Made a Crosscut sled following WoodWhisperer's you tube video, and came up with my own miter sled to handle both types, I realize the miter sled cannot handle large projects, however, my use will be for smaller pieces of wood.


----------



## Steve Neul (Sep 2, 2011)

The sled you made to miter with looking at the bottom picture if you would cut the piece on the front off on the end you would be able to miter longer pieces of molding. The way it is now you are restricted to the foot or so between the blade and the piece on the front. Most of the time when you miter with a sled it is to make inside miters inside of outside like the one you have. I made mine with two boards on a angle on each side of the blade. Visually it looks like a V. On the one on the left I use to trim the end of the molding off and then I switch it to the one on the right which has a tape measure and stop on it to cut it to length. That way I can make multiple lengths of molding all alike.


----------



## GeorgeC (Jul 30, 2008)

" I realize the miter sled cannot handle large projects,"

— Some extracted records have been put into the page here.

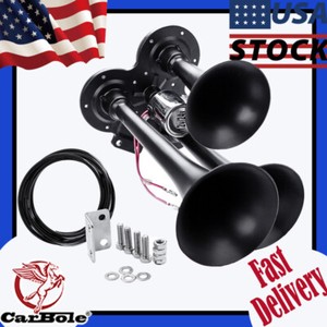 New 3 Trumpets Air Horn Set For Train/Ship/Truck/Car/SUV Loud Sound Kit 12V 24V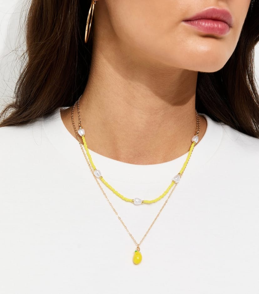 This two-layer necklace features a glimmering chain and bright yellow beads with a zesty lemon charm. Perfect for adding a pop of colour to summer outfits.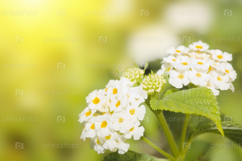 Лантана на зеленом фоне в солнечный день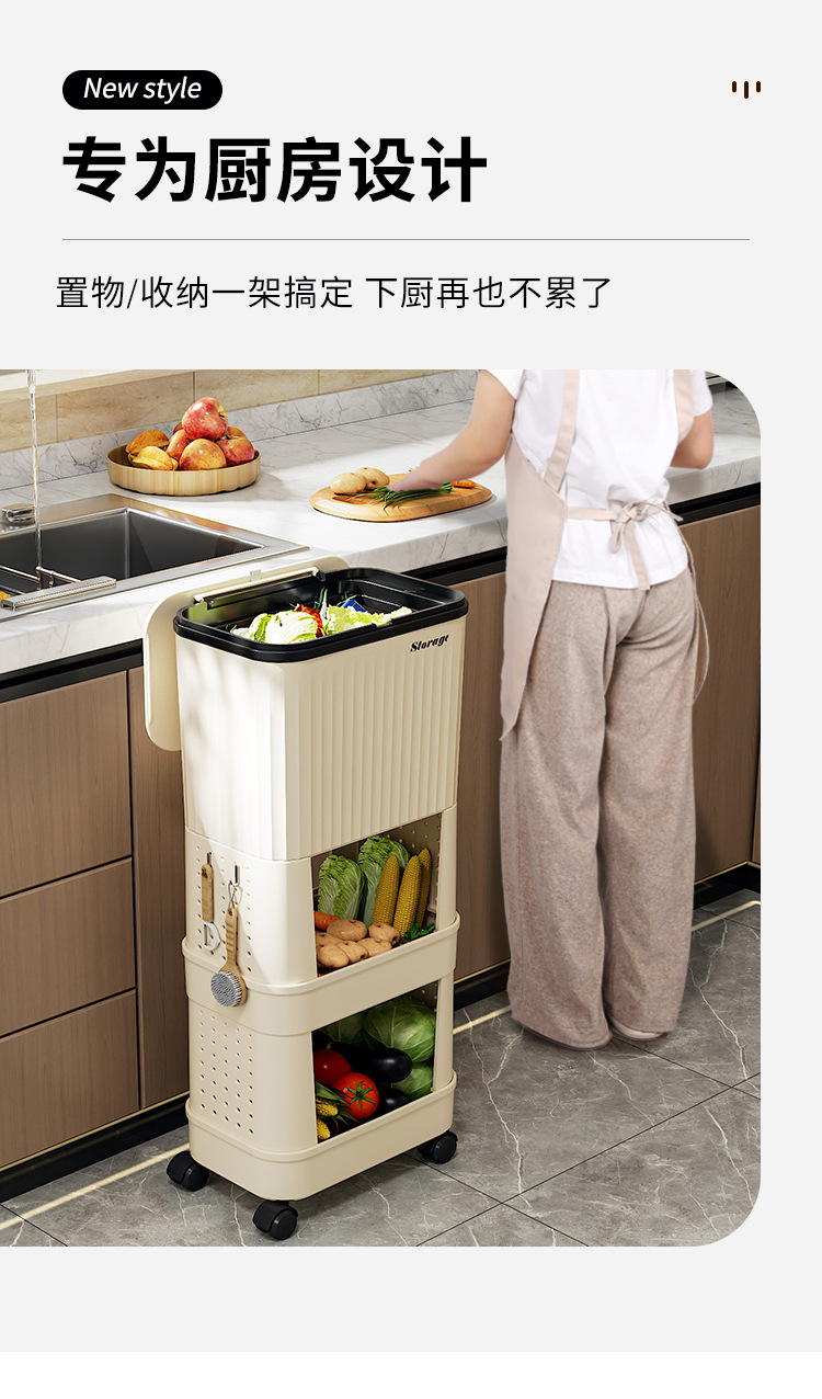 주방 휴지통 가정용 대용량 슬라이드 이동식 더블 레이어 높은 일본식 비 벤딩 일본식 스토리지 랙스토어 가기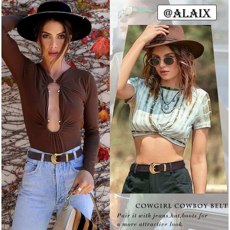 ALAIX Women's Belt Western Belts Silver Gold Buckle Black Leather Belt Pants Jeans Belts for Women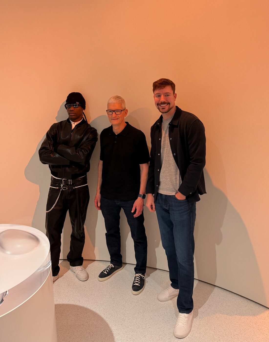 4억 명의 구독자를 보유한 세계 최정상 유튜버 미스터비스트의 등장도 단연 하이라이트였다. 그는 그레이 티셔츠에 네이비 셔츠, 데님 팬츠를 매치한 캐주얼 차림으로 참석했다. 화려한 아이템 대신 친근하고 편안한 스타일을 택했지만, 트래비스 스콧·팀쿡과 함께한 쓰리샷이 포착되며 현장의 가장 큰 화제를 모았다. @hidden.ny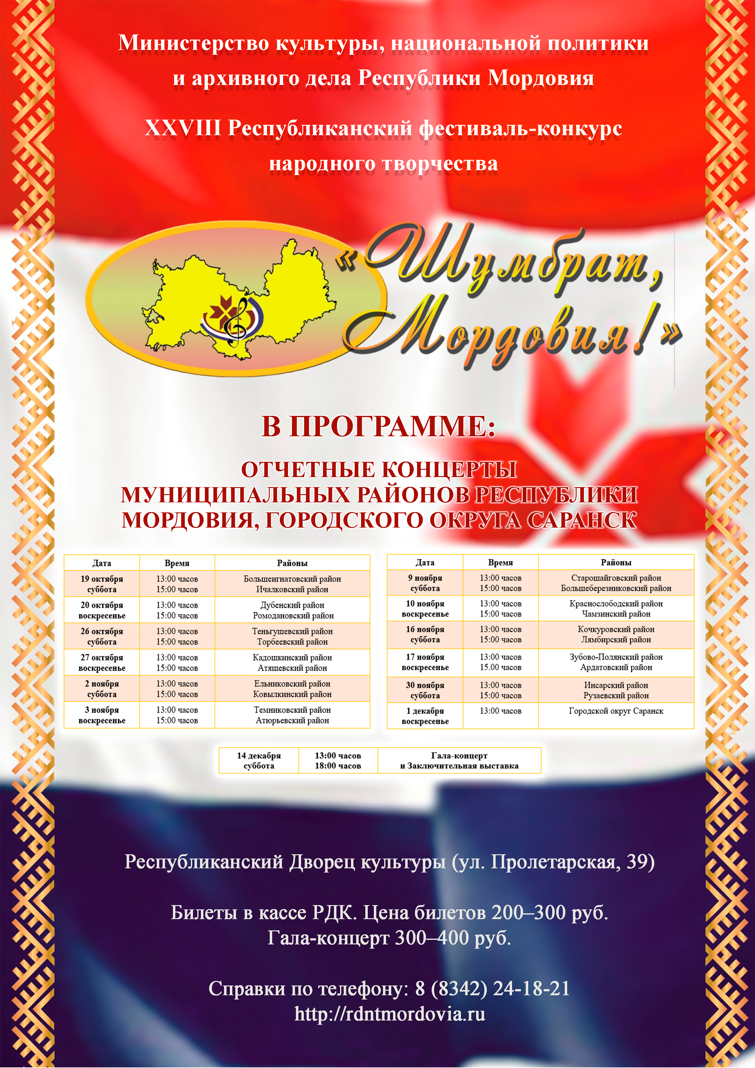 19 октября в г. Саранске стартует Республиканский фестиваль-конкурс народного творчества «Шумбрат, Мордовия». Тема фестиваля этого года «Шумбрат, Мордовия многонациональная!». Она раскроет и подчеркнет важность сохранения, возрождения и приумножения традиционных российских духовно-нравственных и культурно-исторических ценностей, а также сохранения этнокультурного многообразия, единения и самобытности народов, населяющих республику.

Are you making this as a general statement or only in relation to the sled that you built?

In general sleds CAN handle larger objects.

George


----------



## ptofimpact (Apr 29, 2013)

GeorgeC, was just referring to the sled I built, my first sleds for a tablesaw.


----------



## kenny_ (Feb 28, 2014)

One thing you might run into is if the miter isn't exactly at 45 degrees, when you cut two pieces and try to join them together across large distances, then 0.1 degree difference could give you a problem. Take a look at Steve Ramsey's (WWMM) video on his miter sled for an example of what Steve Neul was talking about. 




 If you miter one piece on each side, you will end up with something that is pretty close to 90.


----------